FIG. 1 is a sectional view of a conventional air engine, FIG. 2 is a sectional view showing an embodiment of the air engine of the present invention, and FIGS. 3 to 6 are sectional views illustrating its operation. 21... Cylinder, 22... Concave groove, 23... Piston, 24... Rod, 27... Exhaust port J2B,
29... Spool switching pressure supply port, 31, 32...
・Piston drive pressure supply/discharge port, 41...Switching valve, 42・
...Valve body, 43...Spool, shaver...concave groove, 45
, 46-...Flange part, 47...Air supply port, Tsukuda, 4
9...Piston drive pressure supply/discharge port, 51, 52...

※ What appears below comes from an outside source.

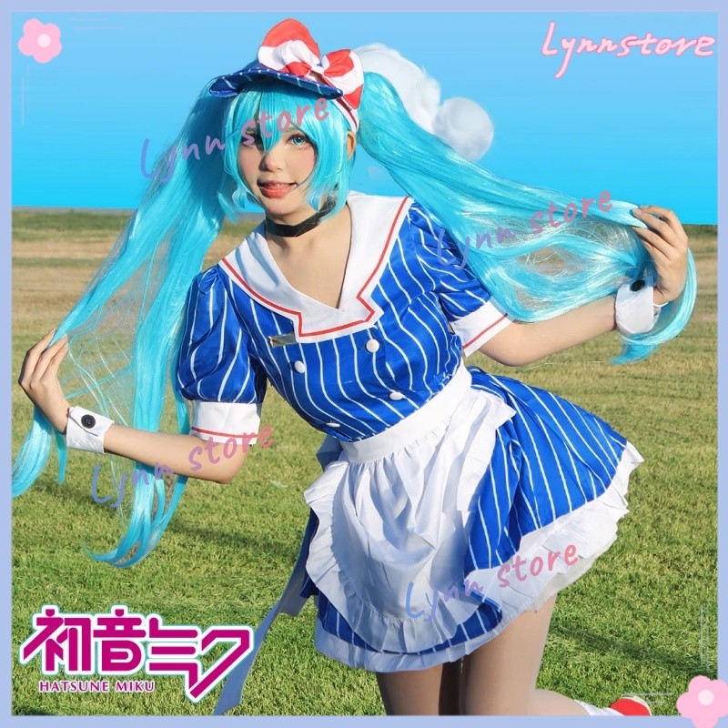 HATSUNE MIKU Cosplay Traje Peruca MESMERIZER Listrado Vestido De Empregada Conjunto Anime Festa Roleplay Outfit

Supply port for spool switching pressure.

Claims (1)

[Scope of utility model registration request] A piston with a concave groove on the outer circumferential surface is fitted into the cylinder, a rod is fixed to this piston, a load is connected to this rod, an exhaust port is provided in the center of the cylinder, and the spool is switched between the left and right sides. A piston driving pressure supply and discharge date is provided at the left and right ends of the cylinder, and the spool switching pressure supply port on one side of the cylinder is opened with the piston in contact with the left and right inner ends of the cylinder. One of the piston drive pressure supply and discharge ports is positioned so as to communicate with the other, and the other spool switching pressure supply and discharge port is located so as to communicate with the exhaust port through the concave groove of the piston, and the switching valve A spool is fitted into the inside of the valve body so as to be freely advanced and retracted, a concave groove is provided on the outer peripheral surface of the spool, flange portions of the same diameter are provided on the left and right ends, and an air supply port is provided in the center of the valve body. Supply/discharge dates for piston driving pressure are provided on the left and right sides, and supply/discharge dates for spool switching pressure are provided on the left and right ends of the valve body, respectively. With the valve body in contact with the left and right inner ends of the valve body, the piston drive pressure supply and discharge ports on one side of the valve body are positioned so as to communicate with the spool switching pressure supply and discharge ports on the other side, and the piston drive pressure supply and discharge ports on the other side The opening is positioned so as to communicate with the air supply port through the concave groove of the spool, and the left and right spool switching pressure supply and discharge ports of the cylinder are respectively connected to the left and right spool switching pressure supply and discharge ports of the switching valve, An air engine characterized in that the left and right piston drive pressure supply and discharge ports of the cylinder are connected to the left and right piston drive pressure supply and discharge ports of the switching valve, respectively.